Клара Санчес - Последнее послание из рая
– Что теперь будем делать?
Я достал письмо и сел рядом с матерью. Так же, как это делается в сериалах, обнял ее за плечи и сказал:
– То же, что делали всегда, когда он был с нами.
– Ты в самом деле думаешь, что мы сможем продолжать жить как всегда?
– Конечно, да. Все образуется.
– Не понимаю, почему он так поступил. У него было все, и ничего не нужно было оставлять.
– Но ты же знаешь, что происходит, – сказал я.
Несколько секунд мы сидели молча.
– До сих пор, сынок, мы ни в чем не испытывали недостатка.
– Я не думаю, что он совсем откажется от нас.
– Не знаю, что тебе и сказать, я никак не ожидала, что дело до этого дойдет.
И тут я совершил самую большую глупость в своей жизни – спросил ее:
– Ты все еще любишь папу?
Она с испугом смотрела прямо мне в глаза, но меня не видела, хуже того, видела в моих глазах нечто, чего я сам не знал.

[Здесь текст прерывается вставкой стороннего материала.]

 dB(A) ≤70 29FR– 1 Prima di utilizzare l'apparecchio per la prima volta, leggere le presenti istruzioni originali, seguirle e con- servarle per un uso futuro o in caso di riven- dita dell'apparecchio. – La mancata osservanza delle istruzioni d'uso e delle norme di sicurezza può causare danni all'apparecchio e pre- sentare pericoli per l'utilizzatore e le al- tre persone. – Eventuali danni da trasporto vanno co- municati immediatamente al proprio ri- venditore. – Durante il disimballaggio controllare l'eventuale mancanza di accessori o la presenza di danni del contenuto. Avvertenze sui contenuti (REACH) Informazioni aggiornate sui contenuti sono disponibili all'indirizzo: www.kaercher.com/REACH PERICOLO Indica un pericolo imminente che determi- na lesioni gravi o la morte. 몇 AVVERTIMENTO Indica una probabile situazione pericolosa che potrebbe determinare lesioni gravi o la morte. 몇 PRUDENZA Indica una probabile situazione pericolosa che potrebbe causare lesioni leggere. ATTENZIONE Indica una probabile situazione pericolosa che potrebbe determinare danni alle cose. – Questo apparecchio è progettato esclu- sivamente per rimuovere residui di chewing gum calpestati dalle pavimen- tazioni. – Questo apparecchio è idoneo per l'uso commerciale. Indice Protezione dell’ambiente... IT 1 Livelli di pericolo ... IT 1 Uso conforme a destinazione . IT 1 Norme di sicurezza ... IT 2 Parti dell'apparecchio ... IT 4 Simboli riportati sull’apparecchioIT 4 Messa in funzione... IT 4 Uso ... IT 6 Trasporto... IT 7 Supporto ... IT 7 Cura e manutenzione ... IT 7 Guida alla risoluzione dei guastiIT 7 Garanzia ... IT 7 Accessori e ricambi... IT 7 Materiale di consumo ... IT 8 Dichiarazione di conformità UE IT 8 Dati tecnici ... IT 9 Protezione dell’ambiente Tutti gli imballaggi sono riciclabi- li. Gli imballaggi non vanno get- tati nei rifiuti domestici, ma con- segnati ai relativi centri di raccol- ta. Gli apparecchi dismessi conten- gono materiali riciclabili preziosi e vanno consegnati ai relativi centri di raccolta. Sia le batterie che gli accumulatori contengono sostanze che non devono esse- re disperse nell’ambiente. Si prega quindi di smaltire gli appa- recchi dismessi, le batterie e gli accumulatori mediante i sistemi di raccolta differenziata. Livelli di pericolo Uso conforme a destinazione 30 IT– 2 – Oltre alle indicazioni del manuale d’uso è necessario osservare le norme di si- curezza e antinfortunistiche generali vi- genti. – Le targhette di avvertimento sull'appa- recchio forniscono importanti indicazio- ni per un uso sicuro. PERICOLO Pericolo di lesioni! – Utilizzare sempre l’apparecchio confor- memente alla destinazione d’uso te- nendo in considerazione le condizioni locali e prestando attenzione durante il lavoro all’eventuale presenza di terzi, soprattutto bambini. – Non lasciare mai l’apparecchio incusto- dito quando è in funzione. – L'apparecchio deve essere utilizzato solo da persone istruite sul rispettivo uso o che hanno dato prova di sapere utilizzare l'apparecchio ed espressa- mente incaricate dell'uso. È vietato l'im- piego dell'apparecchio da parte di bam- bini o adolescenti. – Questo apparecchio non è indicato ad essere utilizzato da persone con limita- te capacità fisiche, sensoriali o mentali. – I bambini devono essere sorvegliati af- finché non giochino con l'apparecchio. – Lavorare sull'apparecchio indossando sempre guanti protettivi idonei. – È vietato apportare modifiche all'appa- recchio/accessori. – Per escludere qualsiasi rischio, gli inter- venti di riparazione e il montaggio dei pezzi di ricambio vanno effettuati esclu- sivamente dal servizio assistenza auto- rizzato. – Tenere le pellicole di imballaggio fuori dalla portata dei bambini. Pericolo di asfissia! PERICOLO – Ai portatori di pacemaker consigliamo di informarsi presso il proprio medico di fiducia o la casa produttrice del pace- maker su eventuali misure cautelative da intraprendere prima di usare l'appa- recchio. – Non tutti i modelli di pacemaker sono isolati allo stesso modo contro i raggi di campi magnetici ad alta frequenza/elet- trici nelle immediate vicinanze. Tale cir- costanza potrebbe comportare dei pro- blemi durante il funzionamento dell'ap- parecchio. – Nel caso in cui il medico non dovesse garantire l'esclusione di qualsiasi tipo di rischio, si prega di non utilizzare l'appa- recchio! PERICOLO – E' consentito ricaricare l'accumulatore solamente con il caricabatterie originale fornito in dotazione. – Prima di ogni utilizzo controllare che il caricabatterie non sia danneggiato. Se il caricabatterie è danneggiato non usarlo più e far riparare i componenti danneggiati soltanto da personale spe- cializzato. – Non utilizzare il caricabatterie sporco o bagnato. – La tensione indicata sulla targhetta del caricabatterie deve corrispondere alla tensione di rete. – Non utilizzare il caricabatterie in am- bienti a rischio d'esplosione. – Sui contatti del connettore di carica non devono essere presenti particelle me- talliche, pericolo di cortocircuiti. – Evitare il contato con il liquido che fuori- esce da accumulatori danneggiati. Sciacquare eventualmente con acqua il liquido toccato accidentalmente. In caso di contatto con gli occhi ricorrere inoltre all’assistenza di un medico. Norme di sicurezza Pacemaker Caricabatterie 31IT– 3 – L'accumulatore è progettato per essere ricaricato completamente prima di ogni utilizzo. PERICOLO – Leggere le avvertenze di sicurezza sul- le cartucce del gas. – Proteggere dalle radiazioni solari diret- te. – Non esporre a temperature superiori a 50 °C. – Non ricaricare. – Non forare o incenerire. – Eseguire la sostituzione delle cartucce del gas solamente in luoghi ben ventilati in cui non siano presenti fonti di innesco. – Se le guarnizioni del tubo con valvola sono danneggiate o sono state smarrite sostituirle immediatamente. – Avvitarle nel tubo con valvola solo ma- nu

– Мама, что с тобой происходит?
Она не ответила мне ни тогда, ни в течение двух последующих дней. Кроны деревьев отбрасывали на окна кружевную тень. Из туалета шел запах альпийских сосен. Ботинки хрустели на недавно натертом полу, на кухне пока была провизия, за исключением пицц, которые приносил я, дети ходили в плавательные бассейны и возвращались оттуда с полотенцами на плечах. Птицы прятались в тени, а я должен был в поте лица готовиться к сентябрьским экзаменам. Но мать, казалось, ничего этого не замечала. Так что наконец я вошел в комнату и сказал ей:
– Ну, хватит глупостей. Ты должна знать, что в таких условиях мне претит оставаться в этом доме. Я ухожу.
– Подожди, – сказала она, – я вспоминала и думала.
– А теперь что, перестала?
– Да, теперь все вспомнилось.
– Ну тогда пойдем поужинаем в кафетерии «Ипер». Я приглашаю тебя откушать то, что захочешь.
Когда мы ехали туда, на вечерних улицах царило оживление. Из парков доносились звуки музыки, пахло шашлыками и жареными сардинами. Мать сказала:
– Думаешь, он будет счастлив?
– А не все ли равно, – ответил я.
– Нет, это не все равно. Я хочу, чтобы он был счастлив. Не хочу, чтобы за него пришлось беспокоиться.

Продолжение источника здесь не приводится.